Physical signs often appear alongside these behavioral patterns as well. Disrupted sleep, chronic fatigue, and a heightened startle response are all common. Many people also experience withdrawal symptoms when substances are not available, including irritability, sweating, and intense anxiety, which can look almost identical to a PTSD response and make it difficult to know which condition is driving the symptoms.

What makes this combination particularly hard to recognize is that each condition can mask the other. The substance use looks like the main problem from the outside, while the trauma driving it stays hidden underneath.

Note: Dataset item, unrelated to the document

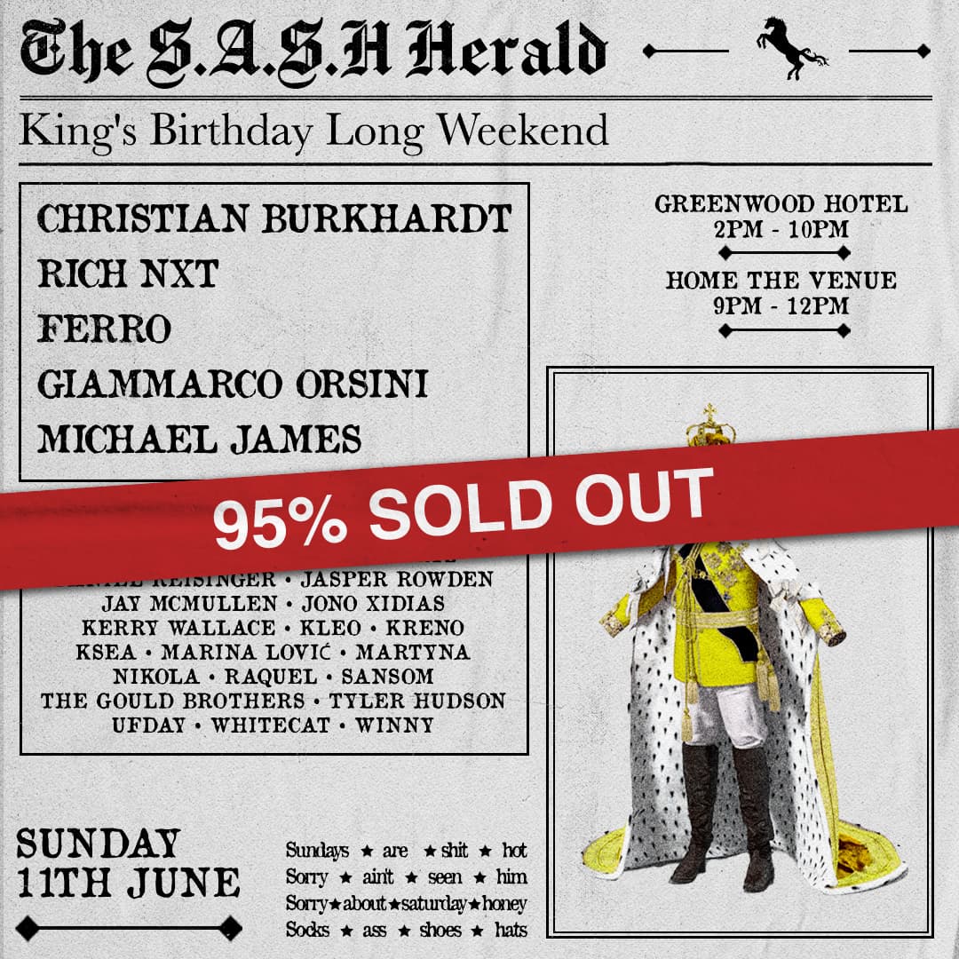 ★ S.A.S.H By Day & Night ★ King’s Birthday Long Weekend ★ Christian Burkhardt ★ Rich NxT ★ Ferro ★ Giammarco Orsini ★ Michael James ★

It is also worth noting that depression frequently develops alongside both PTSD and substance use, further complicating the picture. I cover that overlap in this article on depression and addiction

How Trauma Affects Families and Relationships

PTSD and substance abuse rarely affect only the individual. The people closest to a trauma survivor often carry their own weight of confusion, fear, and grief. Partners may not understand why the person they love has become emotionally unavailable, quick to anger, or dependent on alcohol. Children in the household pick up on the tension and anxiety, even when adults believe they are hiding it. Family members often alternate between trying to help and pulling away out of exhaustion or hurt.

When substance use is part of the picture, family dynamics become even more strained. Loved ones may feel like they are walking on eggshells, unsure of which version of the person they will encounter on any given day. If your family is experiencing this, family counseling can provide a structured space to rebuild communication and begin to address what everyone in the household is carrying.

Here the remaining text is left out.